Öncelikle ahlak seviyesinin yerlerde sürünüyor olması gerekir. Fetö döneminde olduğu gibi bir açıklarının yakalanmış ve bu açıktan tehdit edilmiş olmaları gerekir. Çok eski değil. Çok sayıda genel başkan yardımcısı, videoları ortaya çıkınca partilerinden ve görevlerinden istifa etmek zorunda kalmışlardı. Hatta zamanın ana muhalefet partisi lideri de nahoş hadiselerle anılmıştı.
Seçim meydanlarında onca laf edip ardından tükürdüğü yalamak deyimine uygun olarak, partisinden istifa edip, laf ettiği partinin saflarına katılanlara ne denir bilinmez ama siyasi ahlaksızlıkla tanımlanabilir. Aldıkları milletvekili maaşlarında seçmenlerin hakkı vardır. Diğer bir deyişle aldıkları maaş haramdır. Yedikleri içtikleri helal değildir.
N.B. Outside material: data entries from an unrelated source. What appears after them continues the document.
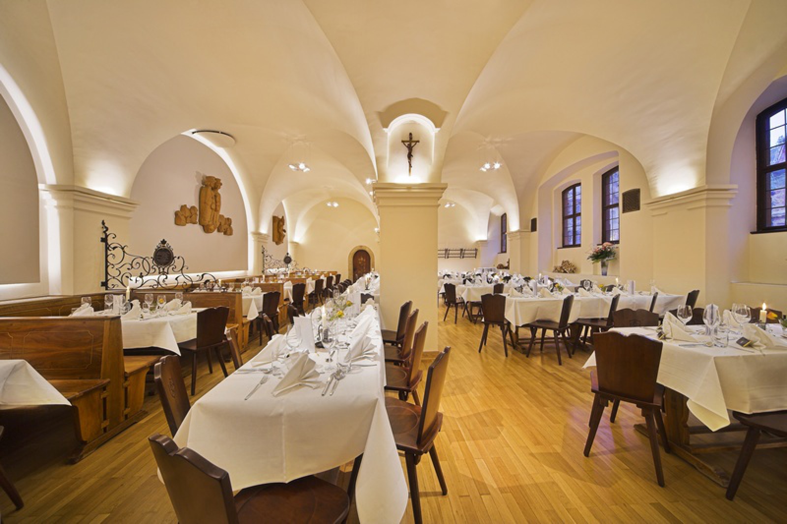 Herzlich willkommen im Restaurant des Bürgerspitals zum Hl. Geist in der Würzburger Altstadt. Die kulinarische Vielfalt endet übrigens nicht an den fränkischen Rebhängen. Auf der Karte finden sich ebenso leichte Gerichte aus internationaler und mediterranen Küche.
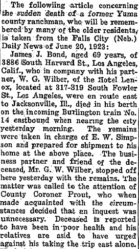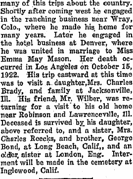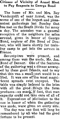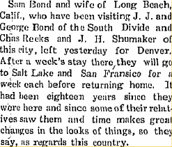 1912 "George Bond, who was down from Denver, attending the funeral of his son-in-law, Philip Daniels, of Idalia, returned home Wednesday."
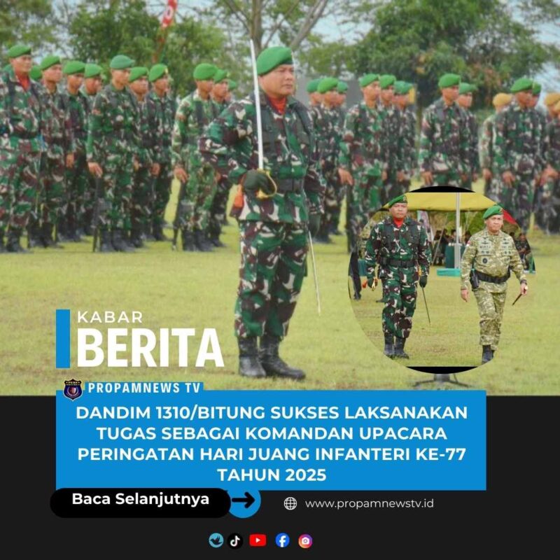 MANADO // propamnewstv.id – Kegiatan Upacara Hari Juang Infanteri Ke 77 Tahun 2025 digelar jajaran Kodam XIII/Mereka dilapangan Mayonif 712/WT Jl. Loreng Kel. Bailang, Lingk. ll Kec. Bunaken Kota Manado, kegiatan upacara tersebut dipimpin langsung oleh Pangdam XIII/Merdeka Mayjen TNI Mirza Agus, S.I.P., dan dikomandani oleh Letkol Inf Dewa Made DJ yang kesehariannya menajabat sebagai Dandim 1310/Bitung serta dihadiri kurang lebih 300 orang peserta upacara. Jumat, (19/12/2025).
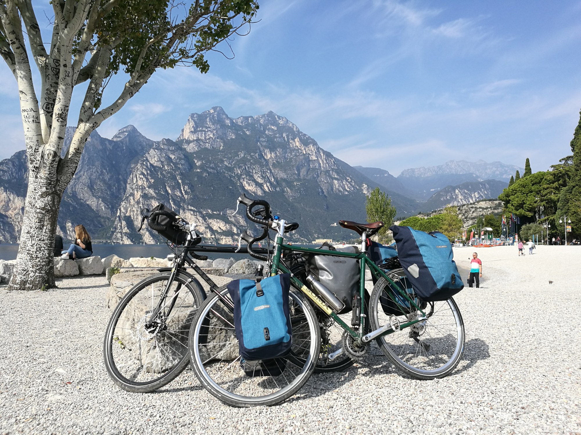 Now, some uncouth locals speak of the Lago as shaped like a “cock and balls”. Sticking (if we must) with this vernacular, then consider our route from Peschiera del Garda in the south (right testicle) to Torbole in the north (the ‘nob’), as a steady 10 hours of pedalling. Naturally. we took a break – in beautiful Torri del Benaco – for our first camp-out of the trip. It would appear Peschiera del Garda is a bit of a fun-park for north-of-the-border tourists – indeed AW was more often than not spoken ‘at’ in Deutsch. This made AW appear an even greater imbecile than that when spoken to in Italian, as he was considered incapable of conversing in his native language as well. Fortunately there were sights aplenty to distract us from such minor distractions. For instance, the Lago is home to possibly the saddest theme-park and some of the most violently randy swans in Europe, while Torbole (you’ll be pleased to hear) is very picturesque, tucked right in the lake’s apex (‘nob’), surrounded by the most magnificent cliffs. You can see some ‘tunnel-vision’, at the bottom of the page.
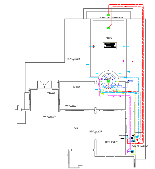 Plumbing Detail Download file. Plumbing is the system of pipes, drains, fittings, valves, and fixtures installed for the distribution of potable water for drinking, heating and washing, and waterborne waste removal.Plumbing Detail DWG file.
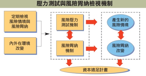 楊恆華表示,玉山銀行的風險胃納機制,之所以選擇壓力測試的做法,主要是因為壓力測試是最符合直覺的ㄧ種做法,例如:這一波金融海嘯襲擊全球,對於玉山銀行是否會造成衝擊,就可以透過情境模擬,以及結合專家的經驗推估,針對各項業務進行壓力測試。如果壓力測試的結果,顯示已經達到風險胃納的底限,就要進行相關策略調整。
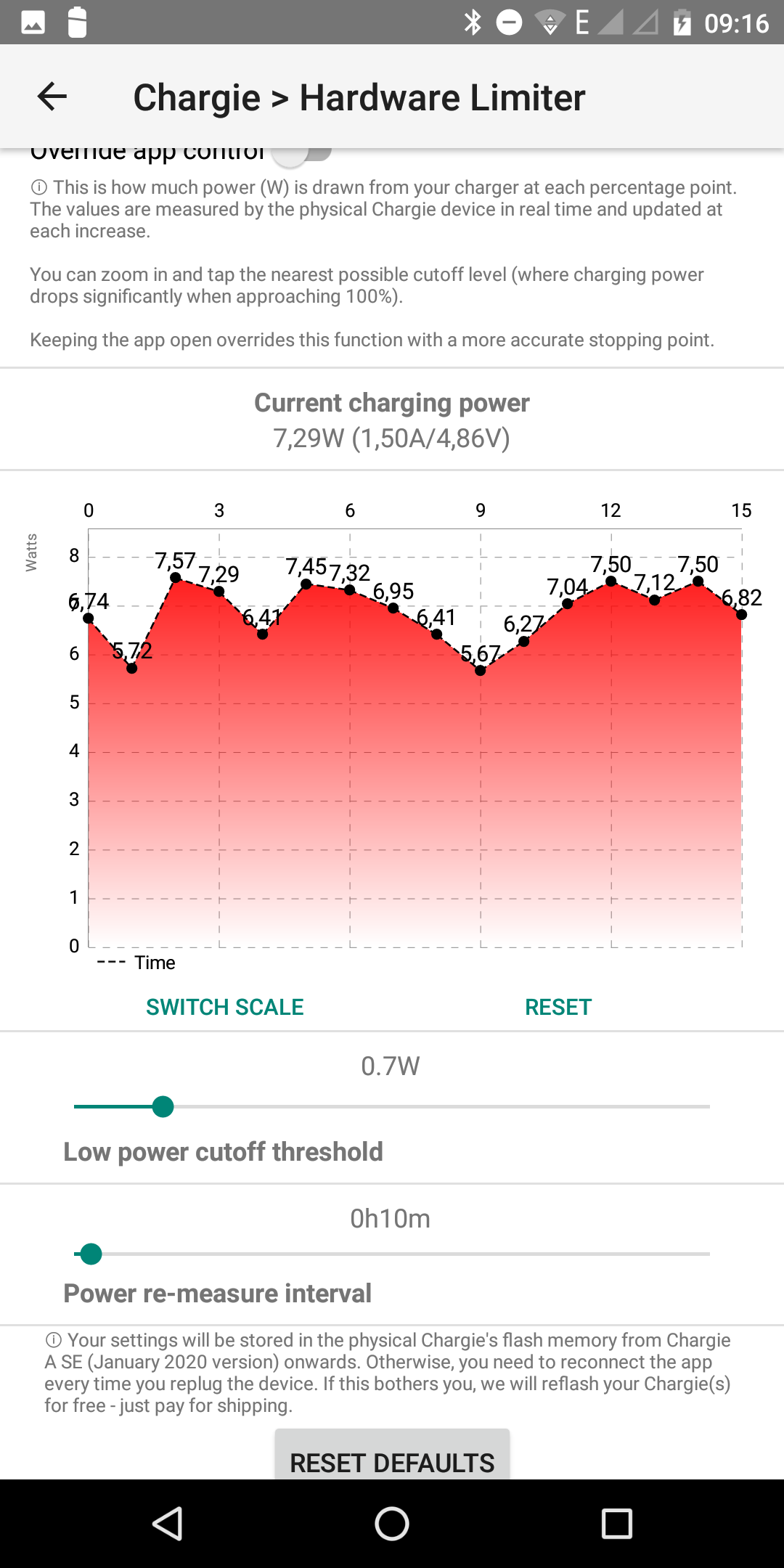 Leider bietet der Hardware-Limiter keine Möglichkeit, den Ladestrom / die Ladeleistung allgemein in der App aufzuzeichnen und als Diagramm darzustellen. Eine solche Darstellung ist nur für das Gerät möglich, auf dem die App läuft. Ein entsprechendes Diagramm wäre sehr hilfreich, um für angeschlossene Geräte die passenden Werte für den Low power cutoff threshold zu ermitteln. Immerhin werden die aktuelle Ladeleistung, der aktuelle Ladestrom und die aktuelle Ladespannung angezeigt, sodass sich hier auch ohne zusätzliches Messgerät der passende cutoff threshold ermitteln lässt.

Demek ki geçmişteki hayatında harama helale çok dikkat etmemişler, menfaatleri olan her işi helale saymışlar.
Vatanseverlik duygularını nasıl tatmin ederler bilinmez ama transfer fotoğraflarından yüzlerinden karanlık okunuyor.
Az değil. Çok sayıda vekil pazar günkü iktidar partisi kongresinde parti değiştirdiler. Haklarında hayırlısı olsun dendi. Milletin de hakkında hayırlı mı oldu acaba? Ekonomi bozuk. Ücretli kan ağlıyor. Demokrasi elden gitmiş. Eleştiren hapsi boyluyor. Adalet zayıflamış. Hal böyle iken parti değiştiren vekillerin millet ve memleket umurlarında değil demek ki. Kişisel hesapları ve çıkarları daha önemli demek ki.
Seçimlerin, parti tüzüklerinin çok demokratik olduğu söylenemez. Milletin hiç beklemediği kişiler listelere girip vekil olabiliyor. Millete rağmen vekil olabiliyor. Bunun çok sayıda örneği var. Gelecekte de olacaktır. Bu nedenle milletin parti içinde daha müdahil hale gelmesi gerekiyor.
Milletimizin insani değerler ölçüsünde neler yapıldığını ve bundan sonra da neler yapılabileceğini değerlendirme zamanı çoktan geçmektedir. Seçtiklerinin kendini temsil edip edemeyeceğini sorgulaması gerekiyor. Yoksa meclis kompozisyonu değişebiliyor. İşin kötüsü parmak hesaplarının yapıldığı bir dönemde rejim bile sıkıntıya düşebilir.